National Rail annual entry and exit
- 2022–23: 8.340 million
- 2023–24: ▲13.237 million
- 2024–25: ▲13.756 million

Key dates
- 24 May 2022: Opening

Other information
- External links: Departures; Facilities;
- Coordinates: 51°29′30″N 0°04′19″E﻿ / ﻿51.491578°N 0.071819°E

= Woolwich railway station =

Railway station in London, England

Woolwich railway station is an Elizabeth line station in Woolwich in London, England which opened on 24 May 2022, and has up to 12 trains per hour to Canary Wharf and Central London. It is in London fare zone 4.
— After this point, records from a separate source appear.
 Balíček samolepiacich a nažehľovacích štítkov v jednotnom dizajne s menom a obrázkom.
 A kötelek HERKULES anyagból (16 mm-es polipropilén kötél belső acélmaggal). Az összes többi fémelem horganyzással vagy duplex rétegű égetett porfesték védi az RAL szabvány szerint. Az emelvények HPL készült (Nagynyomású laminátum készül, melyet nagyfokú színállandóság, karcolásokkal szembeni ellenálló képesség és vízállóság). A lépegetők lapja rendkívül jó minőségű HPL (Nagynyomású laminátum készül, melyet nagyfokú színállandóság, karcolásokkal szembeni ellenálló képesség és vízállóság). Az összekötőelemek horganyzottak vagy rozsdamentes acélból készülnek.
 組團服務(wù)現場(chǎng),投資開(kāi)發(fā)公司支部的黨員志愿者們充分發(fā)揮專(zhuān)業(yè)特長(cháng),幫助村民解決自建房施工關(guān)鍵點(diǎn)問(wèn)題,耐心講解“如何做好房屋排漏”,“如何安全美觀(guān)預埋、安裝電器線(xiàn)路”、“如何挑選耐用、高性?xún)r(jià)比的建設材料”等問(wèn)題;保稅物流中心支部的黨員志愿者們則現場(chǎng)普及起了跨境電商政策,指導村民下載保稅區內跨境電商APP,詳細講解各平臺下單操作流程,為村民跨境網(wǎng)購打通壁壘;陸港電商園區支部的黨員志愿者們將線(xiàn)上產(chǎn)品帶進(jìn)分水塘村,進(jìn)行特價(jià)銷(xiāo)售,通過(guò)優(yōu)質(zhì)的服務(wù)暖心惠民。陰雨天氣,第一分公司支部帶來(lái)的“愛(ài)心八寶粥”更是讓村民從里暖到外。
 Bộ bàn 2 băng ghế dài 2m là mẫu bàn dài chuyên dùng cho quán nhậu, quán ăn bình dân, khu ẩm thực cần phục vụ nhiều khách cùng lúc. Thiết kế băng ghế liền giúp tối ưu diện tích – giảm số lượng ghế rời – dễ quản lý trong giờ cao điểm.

This station received almost 9 million passengers in the first year of its opening.

==History==
Woolwich railway station (not to be confused with the similarly named Woolwich Arsenal or Woolwich Dockyard stations) was built as part of the Crossrail rail project to provide infrastructure for the Elizabeth line. Crossrail was jointly sponsored by the Department for Transport (DfT) and Transport for London (TfL). The construction of a station at Woolwich was not proposed as part of the original Crossrail route. However, after talks between Greenwich London Borough Council and developer Berkeley Homes about the £162 million required for the station, the House of Commons Select Committee recognised its inclusion in March 2007.

===Construction===
In May 2021, Crossrail said that Woolwich station had recently entered the T-12 process, meaning that the station was considered to be 12 weeks away from handover to TfL. Reaching this milestone meant that work was now focused on testing and commissioning systems, and the contractor began demobilising staff across the site. The station was officially handed over to TfL on 25 June 2021, and opened along with the rest of the Elizabeth line from Paddington to Abbey Wood on 24 May 2022.

== Site ==

The station was built on the southeast portion of the Elizabeth line that ends at Abbey Wood, and is the penultimate station on this branch. The Woolwich redevelopment site at Royal Arsenal is a modern waterside housing and retail development area adjacent to the station. It is spread across approximately 30 ha of land and is being developed by Berkeley Homes.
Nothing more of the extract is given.